Awad points out that “the work did not actually start, but a working paper was drawn up from the Syrian side, with specific tasks prepared for teams, as this type of work follows global standards. The coronavirus is affecting the progress of the restoration work with the Association Stone Industry of Russia, and the Directorate is in contact with UNESCO and other institutions.”
“THE SYRIAN EXPERTS HAVE PUT IN PLACE SOME PLANS, AND THERE IS NO PRECISE TIMETABLE FOR THE COMPLETION OF THE WORK, BUT STUDIES ON RESTORATION, RUBBLE, AND SO ON MAY BE READY WITHIN SIX OR EIGHT MONTHS.”
The executive director of the Palmyra Restoration Fund, Sergei Tiglinov, said that specialists will make a 3D scan of all the elements, translate them into a virtual model, and then put them together in the restored monument.
Restoration work began this week after a memorandum of understanding was reached between the Syrian Ministry of Culture and the Association Stone Industry of Russia. In 2019, the State Hermitage Museum in Saint Petersburg announced plans to restore the site in conjunction with the Institute of the History of Material Culture of the Russian Academy of Sciences and Syria’s Directorate General of Antiquities and Museums (DGAM). The project will also be under the auspices of the United Nations Educational, Scientific and Cultural Organization (UNESCO).

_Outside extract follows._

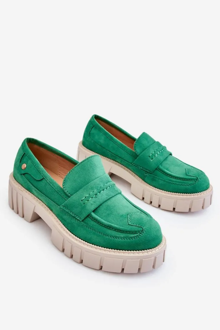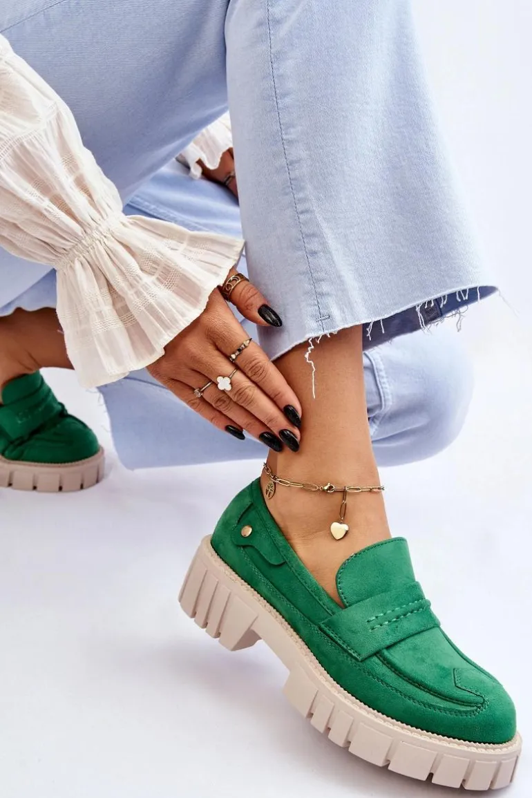 Damskie Zamszowe Wsuwane Półbuty Zielone Fiorell

The site, once a vital point on the Silk Road caravan route, has artifacts dating back to the Neolithic period. The Temple of Palmyra was dedicated in 32 CE to the worship of Ba’al. The earliest known inhabitants were the Amorites in the early second millennium BCE. As such, it hosted many monumental projects including the Temple of Bel (or Ba’al). The temple was built on the site of a prior pagan temple dating back to the third millennium BCE. The most recent of the temples were dedicated in 32 CE. Converted into a Christian church during the Byzantine Era, parts of the structure were modified into a mosque by Muslims in 1132. It remained in use as a mosque until the 1920s.

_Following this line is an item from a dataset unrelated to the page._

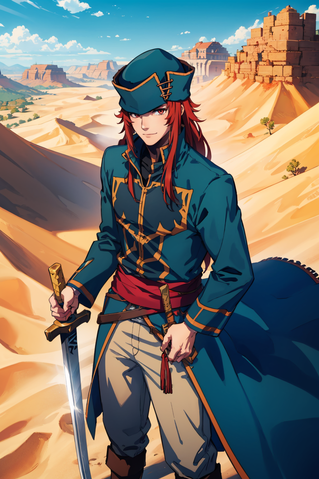 Add "defJoshua, 1boy, hat, black coat, sash, pants" for his regular appearance.

The arch stood at the entrance to the temple used to worship Bel, also known as Ba’al. Mentioned more than 90 times in the Bible, most notably when Elijah defeated the priests of Ba’al, also known as Moloch, in a contest to bring down fire from heaven to burn a sacrifice, Ba’al became the archetypical form of idol worship. Pantheistic, his adherents worshipped Mother Nature while denying the existence of a creator. Followers of Ba’al engaged in bisexual orgies and sacrificed human infants, burning them alive. Anthropologists conjecture that the child sacrifice was to cull the population after the inevitable outcome of wanton sexuality.